The licensee is requesting additions to TS 5.5.12, Primary Containment Leakage Rate Testing Program, which would indicate that they are allowed to take an exception from the guidelines of RG 1.163 regarding the Type A test interval. Specifically, the proposed TS for Unit 1 says that the first Type A test performed after the May 4, 1992, Type A test shall be performed no later than May 3, 2007. The proposed TS for Unit 2 says that the first Type A test performed after the October 31, 1992, Type A test shall be performed no later than October 30, 2007.

2.2 Drywell-to-Suppression Chamber Bypass Leakage Test Interval The Nuclear Regulatory Commission (NRC) issued License Amendment Nos. 160 and 131 to the operating licenses for SSES-1 and 2, respectively, on September 6, 1996 (Reference 6).

These amendments changed the TSs such that the drywell-to-suppression chamber bypass leakage test frequency is tied to the Appendix J, Type A test frequency. Previously, the drywell-to-suppression chamber bypass leakage test interval had been 40 +/- 10 months. Thus, the licensees current request for a one-time, Type A test interval extension to 15 years also extends the drywell-to-suppression chamber bypass leakage test interval to 15 years.

The NRC staffs SE for License Amendment Nos. 160 and 131 assumed that the maximum Type A test interval would be 10 years (plus 15 months, potentially). To summarize that SE, the staff focused on (a) the licensee's complete identification and analysis of potential leakage paths to the suppression chamber; (b) historical bypass leakage test results; and, (c) the ability to mitigate a suppression chamber steam bypass event should one occur.

Potential Leakage Pathways During a small break LOCA, potential leak paths between the drywell and suppression chamber airspace could result in excessive containment pressure, since the steam flow into the airspace would bypass the vapor suppression capabilities of the pool. The potential leakage paths between the drywell and the suppression chamber are: 1) piping which passes through the suppression chamber; 2) the diaphragm slab and the seal between it and the suppression chamber; 3) downcomer penetrations; 4) safety/relief valve discharge line penetrations; and 5) drywell-to-suppression chamber vacuum breakers. The NRC staff found that the drywell-to-suppression chamber vacuum breakers were by far the most likely potential leakage paths, and that the other four paths were unlikely to leak. Further, the drywell-to-suppression chamber vacuum breakers are subjected to LLRTs during each refueling outage in which the drywell-to-suppression chamber bypass leakage test is not performed.

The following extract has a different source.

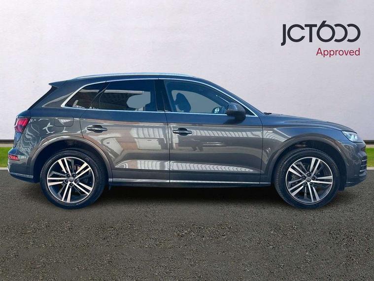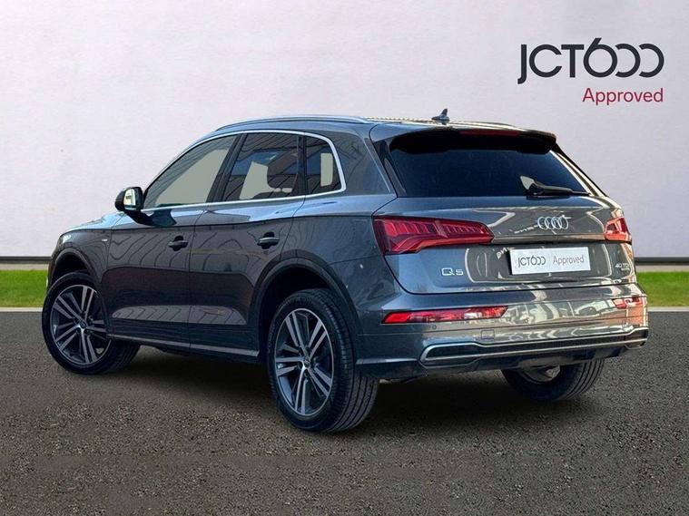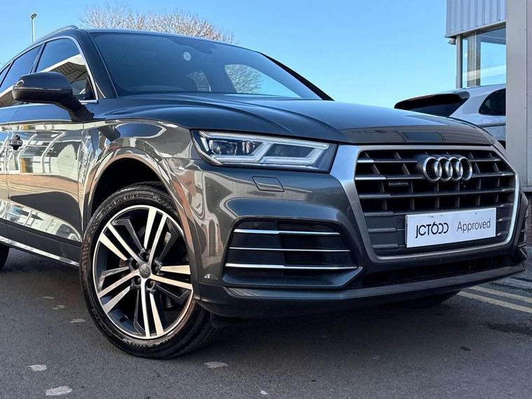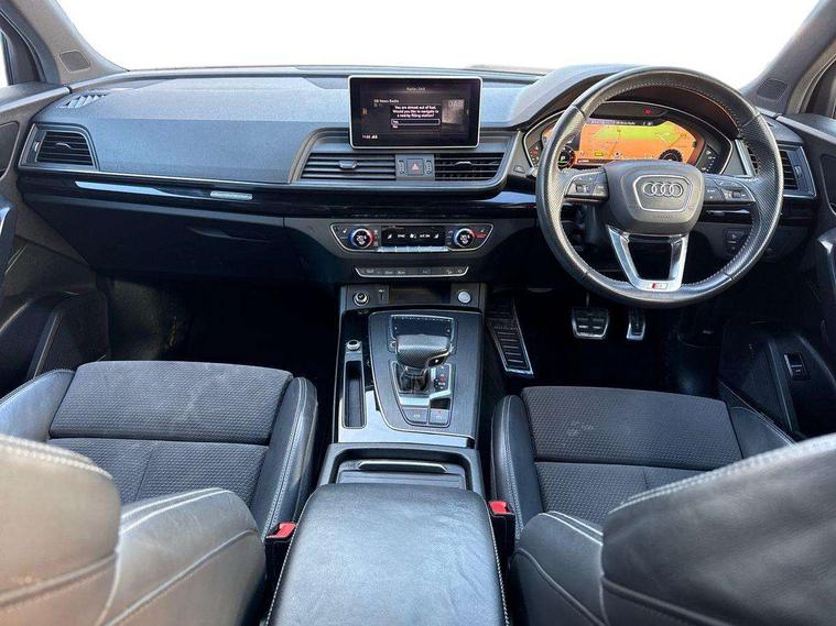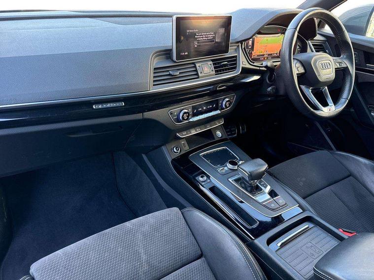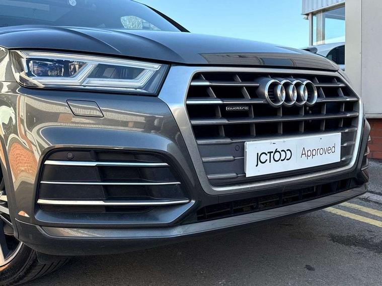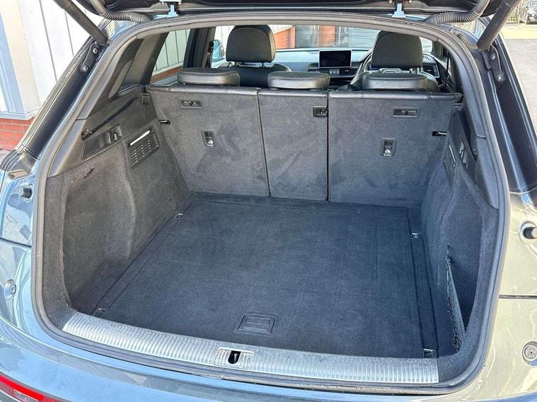 7" Colour driver information system, Audi connect safety and service (e-call), Audi drive select, Audi parking system plus with front and rear sensors, Audi Pre sense collision avoidance, Audi smartphone interface, Automatic start-stop system with coasting functionality and efficiency programme, Cruise control + speed limiter, Electro - mechanical power assisted steering, MMI Navigation, Mobile telephone preparation - bluetooth interface, Power tailgate, Service interval indicator, Voice control system, Diesel particulate filter, Dynamic suspension, Quattro on demand, 2 x USB charging port with aux input socket, 2x SD card slot, CD player, DAB Digital radio, MMI radio plus with 7" colour MMI screen and MMI controller, Acoustic windscreen, Air inlets in matt titanium black with blades in matt aluminium silver, Aluminium roof rails, Auto dimming rear view mirror, Automatic headlight levelling, Body colour bumpers, Body colour door mirrors, Body colour rear diffuser with matt aluminium silver surrounds, Body colour S Line side skirts, Body colour underbody protection, Chrome exhaust tailpipe, Electric adjustable/heated/folding door mirrors, Front and rear electric windows, High beam assistant, LED headlights with LED rear lights + dynamic rear indicators, Light and rain sensor for auto activation of lights and windscreen wipers, Loading sill protector in stainless steel, Privacy glass with front acoustic glazing, Rear wiper, S front and rear bumpers, S Line badges on the front wings, S Line rear spoiler, Twilight grey matt radiator grille with matt aluminium horizontal chrome struts, 3 rear headrests, 40:20:40 split folding rear seat with rear centre armrest, Black cloth headlining, Contrast stitching on seats, steering wheel and gear lever gaiter, Deluxe 3 zone electronic climate control, Front centre armrest, Front sport seats with S embossed logo, Front/rear floor mats, Heated front seats, Height adjustable front head restraints, Height/reach adjustable steering column, Illuminated door sill trims with S logo, ISOFIX child seat mounting and top tether, Luggage compartment carpet, Manual seat adjustment with 4-way electric lumbar support, Perforated leather gearknob, Removable luggage compartment floor, Stainless steel pedals, Sunvisors with vanity mirrors, Trunk roller cover, High gloss pack - Q5, LED interior light pack - Q5, Non Smokers pack, 3 point seatbelts on all seats, 6 airbags - Driver, front passenger, curtain and side airbags, Electromechanical parking brake, Electronic stabilisation control including ABS, ASR and EDL, Front passenger airbag deactivation, Hill descent control, Hill hold assist, Multi collision brake assist, Pop-up bonnet for pedestrian protection, Pre sense city, Seat belt force limiter, Seatbelt monitoring, Tyre pressure warning, Warning triangle and first aid kit, Anti theft alarm, Anti-theft wheel bolts, Keyless Go access/ignition system, Remote central locking, Matt brushed aluminium inlays, Tool kit,

Historical Bypass Leakage Test Results Regarding testing history, the NRC staff found that past test results indicated that bypass leakage through passive potential leakage pathways (i.e. non-vacuum breaker pathways) had consistently been small, and thus provided a reasonable basis to conclude that these pathways constituted a minor source of bypass leakage.

Ability to Mitigate a Suppression Chamber Steam Bypass Event The NRC staff found that the containment pressure response to the postulated bypass leakage could be mitigated by manually actuating the containment sprays. First the operators would activate the suppression chamber sprays, and then, if necessary, the drywell sprays.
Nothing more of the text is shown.